Moran Lauter Adrienne N, Peiffer Gregory A, Yin Tengfei, Whitham Steven A, Cook Dianne, Shoemaker Randy C, Graham Michelle A
USDA-Agricultural Research Service, Corn Insects and Crop Genetics Research Unit, 1565 Agronomy Hall, Ames, IA 50011, USA.
BMC Genomics. 2014 Aug 22;15:702. doi: 10.1186/1471-2164-15-702.
Iron is an essential micronutrient for all living things, required in plants for photosynthesis, respiration and metabolism. A lack of bioavailable iron in soil leads to iron deficiency chlorosis (IDC), causing a reduction in photosynthesis and interveinal yellowing of leaves. Soybeans (Glycine max (L.) Merr.) grown in high pH soils often suffer from IDC, resulting in substantial yield losses. Iron efficient soybean cultivars maintain photosynthesis and have higher yields under IDC-promoting conditions than inefficient cultivars.
To capture signaling between roots and leaves and identify genes acting early in the iron efficient cultivar Clark, we conducted a RNA-Seq study at one and six hours after replacing iron sufficient hydroponic media (100 μM iron(III) nitrate nonahydrate) with iron deficient media (50 μM iron(III) nitrate nonahydrate). At one hour of iron stress, few genes were differentially expressed in leaves but many were already changing expression in roots. By six hours, more genes were differentially expressed in the leaves, and a massive shift was observed in the direction of gene expression in both roots and leaves. Further, there was little overlap in differentially expressed genes identified in each tissue and time point.

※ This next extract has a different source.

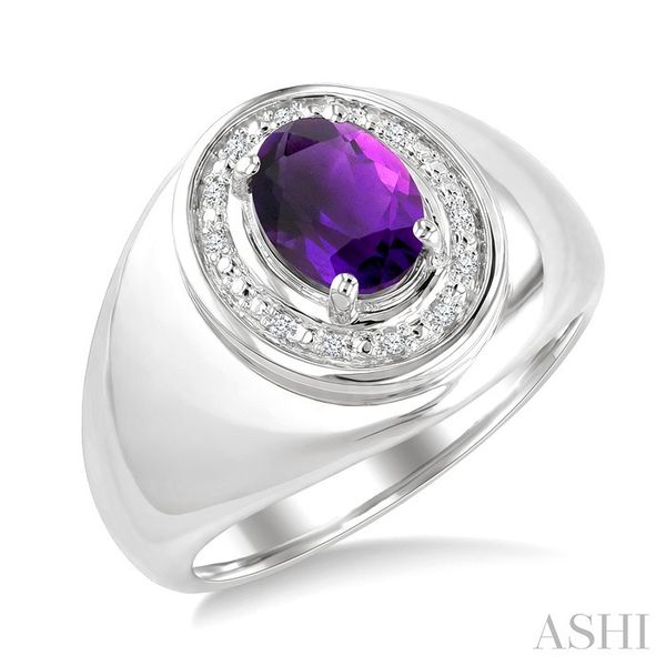 8X6 MM Oval Shape Amethyst and 1/20 Ctw Round Cut Diamond Semi-Precious Ring in Sterling Silver Becker's Jewelers Burlington, IA

Genes involved in hormone signaling, regulation of DNA replication and iron uptake utilization are key aspects of the early iron-efficiency response. We observed dynamic gene expression differences between roots and leaves, suggesting the involvement of many transcription factors in eliciting rapid changes in gene expression. In roots, genes involved iron uptake and development of Casparian strips were induced one hour after iron stress. In leaves, genes involved in DNA replication and sugar signaling responded to iron deficiency. The differentially expressed genes (DEGs) and signaling components identified here represent new targets for soybean improvement.
铁是所有生物必需的微量营养素,植物进行光合作用、呼吸作用和新陈代谢都需要铁。土壤中缺乏可生物利用的铁会导致缺铁性黄化病(IDC),从而使光合作用减弱,叶片出现叶脉间黄化现象。在高pH值土壤中种植的大豆(Glycine max (L.) Merr.)常常遭受缺铁性黄化病的困扰,导致产量大幅下降。与低效品种相比,铁高效大豆品种在促进缺铁性黄化病发生的条件下能维持光合作用并具有更高的产量。
为了捕捉根和叶之间的信号传导并鉴定在铁高效品种克拉克中早期起作用的基因,我们在用缺铁培养基(50μM硝酸铁九水合物)替代铁充足的水培培养基(100μM硝酸铁九水合物)后1小时和6小时进行了RNA测序研究。在铁胁迫1小时时,叶片中很少有基因差异表达,但根中的许多基因已经在改变表达。到6小时时,叶片中有更多基因差异表达,并且在根和叶中基因表达方向都出现了巨大变化。此外,在每个组织和时间点鉴定出的差异表达基因几乎没有重叠。
参与激素信号传导、DNA复制调控和铁吸收利用的基因是早期铁效率反应的关键方面。我们观察到根和叶之间存在动态基因表达差异,这表明许多转录因子参与引发基因表达的快速变化。在根中,参与铁吸收和凯氏带发育的基因在铁胁迫1小时后被诱导。在叶中,参与DNA复制和糖信号传导的基因对缺铁作出反应。这里鉴定出的差异表达基因(DEGs)和信号成分代表了大豆改良的新靶点。